HomeautismMore to Gender Bias in Autism than Research

A black and white picture of two girls flanking a boy, all three siblings.

Last week, I stumbled across this article on the #womenslives asking why researchers miss the signs of autism in girls. It’s primary focus is on the gender bias towards boys in the study of autism. While that is a huge problem, when it comes to identification, it goes far beyond that.

Behavioral Stereotypes
When it comes to autism, the adherence to the idea that kids generally behave in a certain way according to their gender, heavily influences diagnosis.

For instance, the classic signs of eye avoidance and “getting lost in their own world” are often seen as shyness in girls. Since girls are generally encouraged to be quiet, clean and sedentary, signs like these are ignored, even if they are indicative of a need for help.

In boys, however, these signs could be spotted early, since boys are encouraged to be loud, dirty and active. If a boy is none of these things, those signals may be seen as a call for help.

As kids get older, and they aren’t given access to the therapy they may need, they naturally find ways to cope. Although they may be struggling terribly, no one else can tell, because they hide their fight so well.

This also ignores the transgender and nonbinary population, as well, which makes their struggles with determining their personal identity even harder.

Changes in Diagnostic Criteria
I spoke with a young woman a while ago who works as a psychologist about autism a while ago.
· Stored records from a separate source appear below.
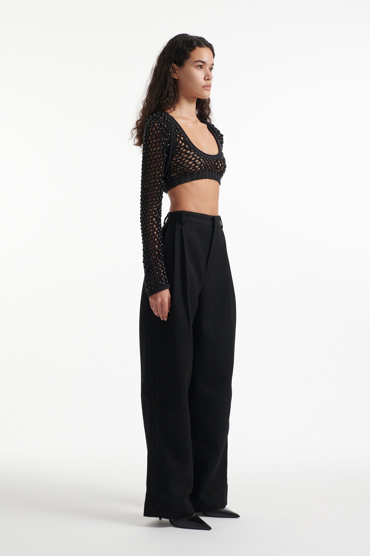 Long high-waisted trouser with embroidered diamond detailing along outside panel on either leg.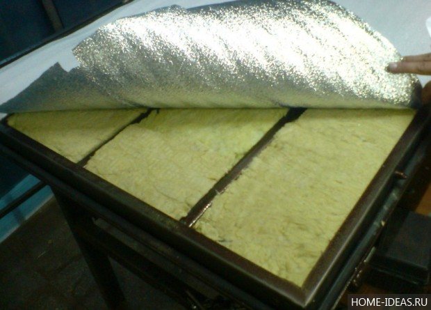 - Прикрепете втория слой изолация от фолио към дървените блокове, оставяйки непокрити места за монтиране на фитингите.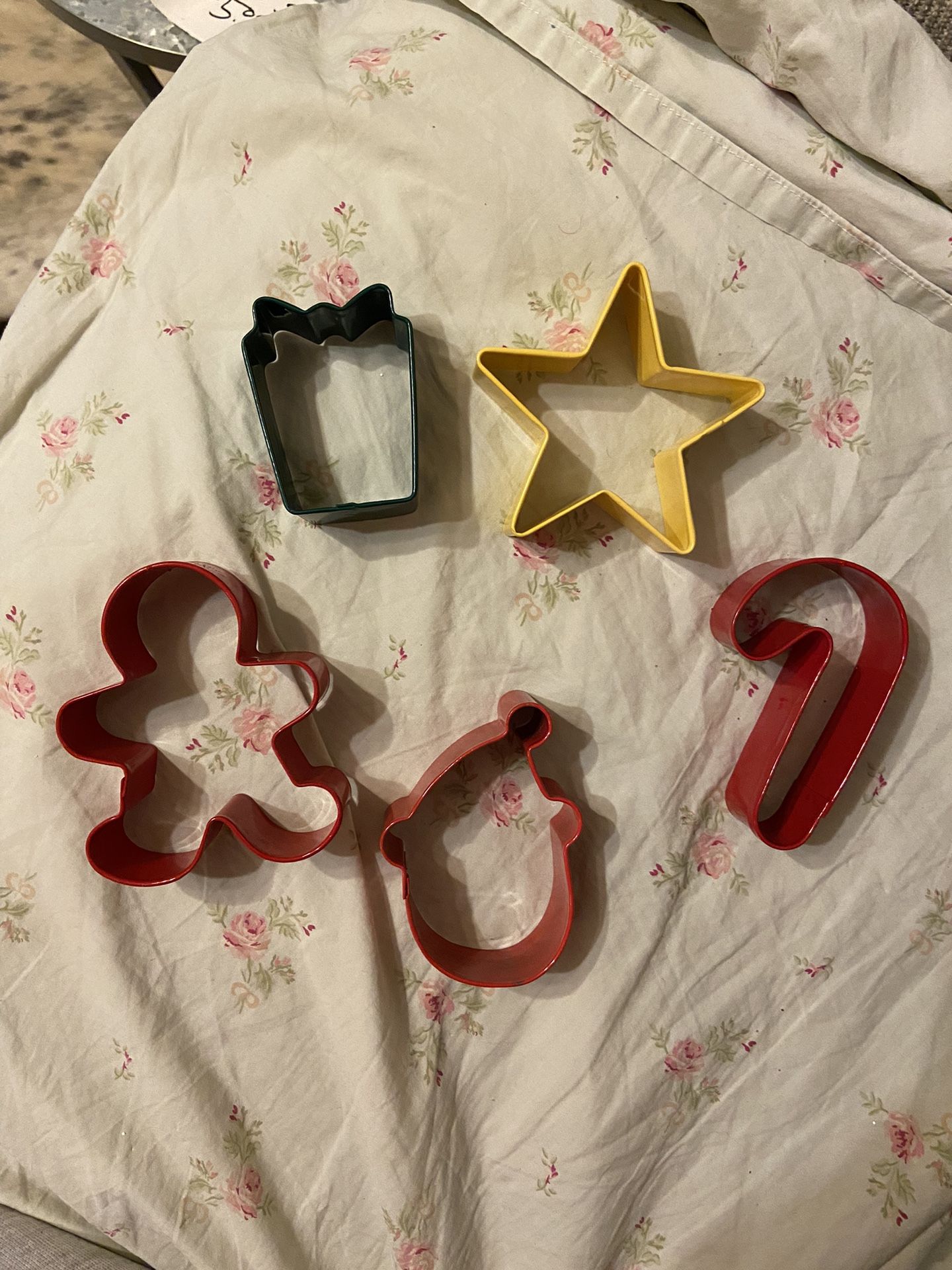5 cookie cutters (3 red ones, 1 yellow, 1 green).. A Candy cane, Santa w/hat, gingerbread man, gift and a star cookie cutters.. pick up in Kyle, cash only, $12 for all or better offer..

I hadn’t thought of it before that conversation, but when the latest DSM came out, new qualifications were determined for an autism diagnosis.

Things that were once seen as a part of the normal spectrum were reclassified as part of the autism spectrum. That broadens the pool of people who now qualify for the label, which isn’t necessarily a bad thing when they’re things that cause struggle.

Fundamental Lack of Education
As with dyslexia, a lot of the problem comes down to a lack of education on the educator’s parts. This is not a fault with the teachers, but one with the system in which they work. How can someone learn if they don’t have access to good information?

The way the system is set up makes early identification and effective accommodation incredibly difficult. Large classroom sizes, rigid test requirements and other factors all play into the issues at hand.

Even when a kid has an IEP, parents face an ongoing fight with the school district to get it adequately enforced. When a child is having unrelated trouble or misidentified in the first place, the IEP may not do much good in the first place.

The only way the general problem can be solved is through common sense restructuring. Unfortunately, that’s far more easily said than done. Work is being done in various areas of the neurodivergent/disability communities, but many of us fear it won’t help if there’s no unity.

As with many things, I feel like there’s an over reliance on labels. Labels in general can be helpful, but not when the individual person is reduced to whatever demographic happens to be at issue.

Too often, a person’s individuality is lost in the name of simplifying complicated issues, and that is the core of the problem.